For critical errors - exceptions that crash the application, data integrity issues, or security-related failures - Fazm alerts you immediately rather than waiting for the next scheduled scan. You can configure severity thresholds to control what counts as urgent.

Frequently Asked Questions

Can Fazm find memory leaks in my application?

Yes. Fazm profiles your running application, takes heap snapshots at intervals, compares object allocations over time, and identifies what is growing. It then traces the leak to specific code paths and implements a fix.

How does Fazm debug differently from a traditional debugger?

Traditional debuggers let you step through code line by line, which requires you to know where to look. Fazm takes a top-down approach - it profiles the entire application, analyzes logs and metrics, and narrows down to the problematic code automatically.

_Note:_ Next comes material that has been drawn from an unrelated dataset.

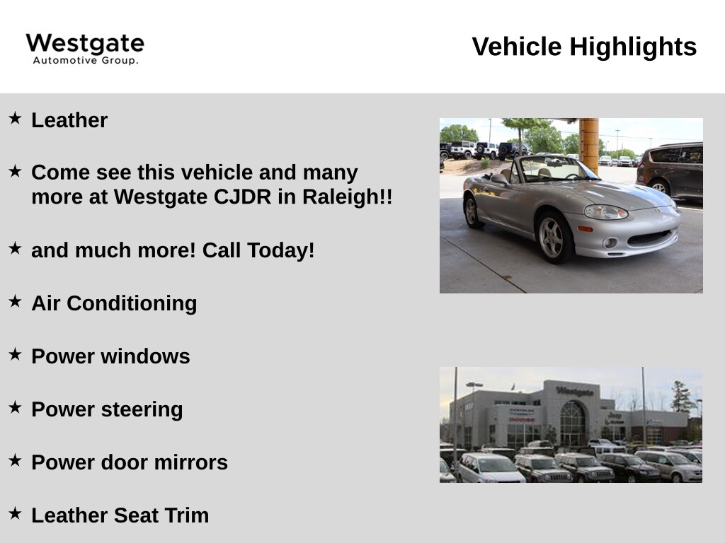 Leather, Come see this vehicle and many more at Westgate CJDR in Raleigh!!, and much more! Call Today!, Air Conditioning, Alloy wheels, Front Bucket Seats, Leather Seat Trim, Power door mirrors, Power steering, Power windows.
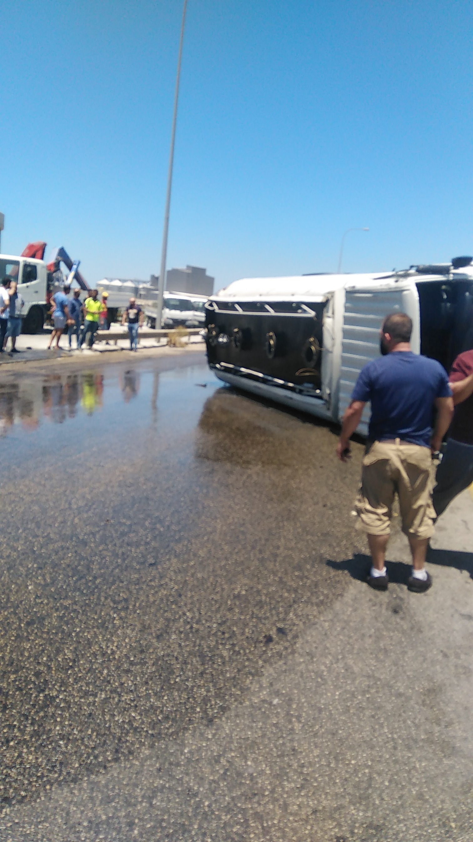 أدّى انقلاب صهريج مازوت وتسرّب المادّة منه، قبل جسر شركة الترابة في شكا، إلى قطع الطريق.

Can Fazm automatically triage error logs?

Yes. You can schedule Fazm to scan error logs every 15 minutes. It categorizes errors by severity, groups related errors together, identifies new vs recurring issues, and alerts you to critical problems.

Does Fazm fix bugs or just find them?

Fazm does both. After identifying the root cause, it implements a fix in your editor, runs relevant tests, and verifies the issue is resolved. You review the changes before committing.

What types of performance issues can Fazm diagnose?

Memory leaks, CPU bottlenecks, slow database queries, N+1 problems, unoptimized API endpoints, excessive re-renders in frontend apps, and network-related slowdowns.